Leader and Followers

The Leader and Followers pattern (also known as Master-Slave or Primary-Replica) is the primary method for maintaining consistency and scaling read throughput in distributed systems. It simplifies the coordination of concurrent updates by designating a single authoritative node—the Leader—to manage all writes to the system state.

1. Role Definitions

The Leader

Authoritative Writes: Accepts all client write requests and determines the order of execution.
Replication Coordination: Serializes updates into a Write-Ahead Log (WAL) and propagates them to all followers.
State Management: Tracks the health and replication progress of every follower in the cluster.

The Followers

Passive Updates: Receive replication logs from the leader and apply them to their local state in the same order.
Read Scaling: Serve client read requests to offload work from the leader.
Failover Readiness: Remain in a consistent state, ready to be elected as the new leader if the current leader fails.

2. Replication Strategies

The mode of replication determines the balance between Consistency and Latency.

Mode	Protocol	Advantage	Disadvantage
Synchronous	Leader waits for all followers to confirm write.	Strong consistency; no data loss.	Extremely high latency; one slow node blocks the cluster.
Asynchronous	Leader acknowledges client immediately after local log.	Lowest latency; high write throughput.	Risk of data loss if leader fails before logs propagate.
Semi-Synchronous (Quorum)	Leader waits for a Majority of followers.	Optimal balance of safety and performance.	Requires odd number of nodes; complex election logic.

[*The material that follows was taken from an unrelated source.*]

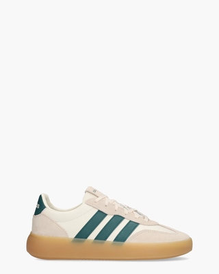 De perfecte balans tussen sport en lifestyle: deze Barreda Decode Lux JR1230 herensneaker combineert een hoogwaardig bovenwerk van off-white leer met zachte details in lichtbeige suède. De iconische drie strepen en het hielstuk zijn uitgevoerd in een diepe groene kleur van synthetisch leer, wat zorgt voor een krachtig contrast. De schoen is voorzien van branding op de tong en de hielcap, terwijl de gebroken witte veters het geheel harmonieus afstylen. Voor optimaal dagelijks comfort is de binnenzijde afgewerkt met een zachte voering van stof en beschikt de sneaker over een uitneembaar voetbed. De bulky rubberen zool biedt niet alleen uitstekende grip, maar geeft de schoen ook zijn karakteristieke, robuuste silhouet. Kleur: off-white/groen/lichtbeige. (Off-White/ Collegiate Green/ Wonder White) Stylingtip: draag deze sneaker onder een zandkleurige chino of een denim in lichte wassing met een losvallend shirt voor een frisse, moderne uitstraling. ...
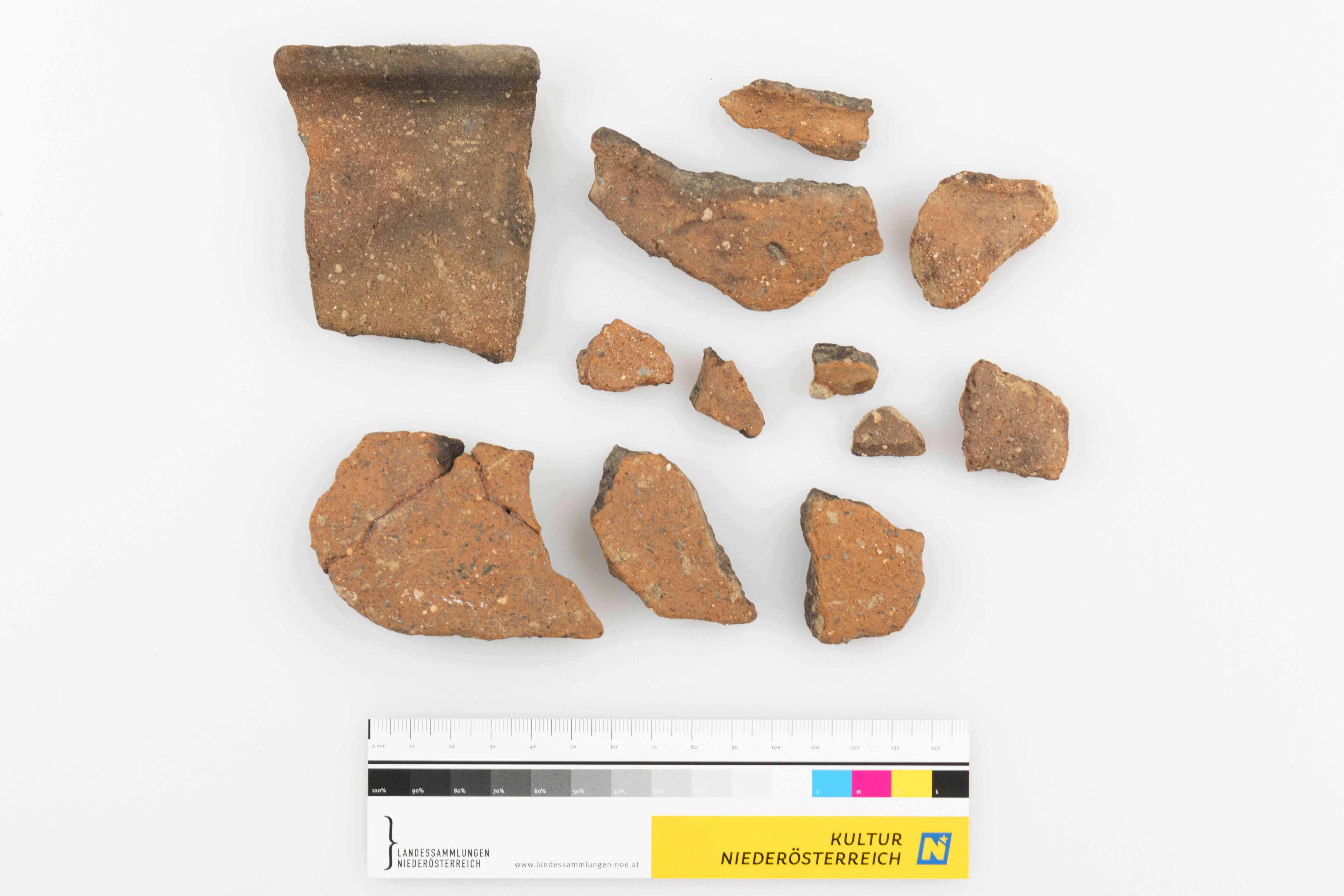 Bruchstücke eines Topfes aus gut gebranntem, quarzsteinchengemagertem, glimmerhältigem Ton. Oberfläche rötlich bis graubraun, bauchiger Körper, kehlig profilierter Hals, ausladender, etwas schräg nach außen abgestrichener Rand.

3. Handling Replication Lag

In distributed systems, followers often lag behind the leader due to network congestion or high load. This creates several "stale read" problems that must be addressed via consistency patterns:

Read-Your-Writes Consistency: Ensures that if a user updates a record, their subsequent read (even from a follower) will show that update. Implementation often involves tracking a version number or timestamp on the client.
Monotonic Reads: Ensures that if a user sees a specific state, they will never see an "older" state on a subsequent request (preventing "time travel" bugs).
Fencing: Using Generation Clocks to ensure that stale messages from an old leader are ignored by followers after a failover.

4. Leader Election

A critical requirement of this pattern is a robust mechanism for picking a new leader when the current one fails. This is typically achieved through:

Consensus Algorithms: Using Raft or Paxos to reach agreement on the new leader ID.
Heartbeats and Leases: Nodes use Heartbeats to detect leader failure and Leases to prevent multiple nodes from claiming leadership simultaneously.

5. Real-World Usage

Relational Databases: PostgreSQL and MySQL use this for high-availability clusters.
Message Brokers: Apache Kafka uses it for partition leadership.
Container Orchestrators: Kubernetes uses a leader for the control plane (via etcd).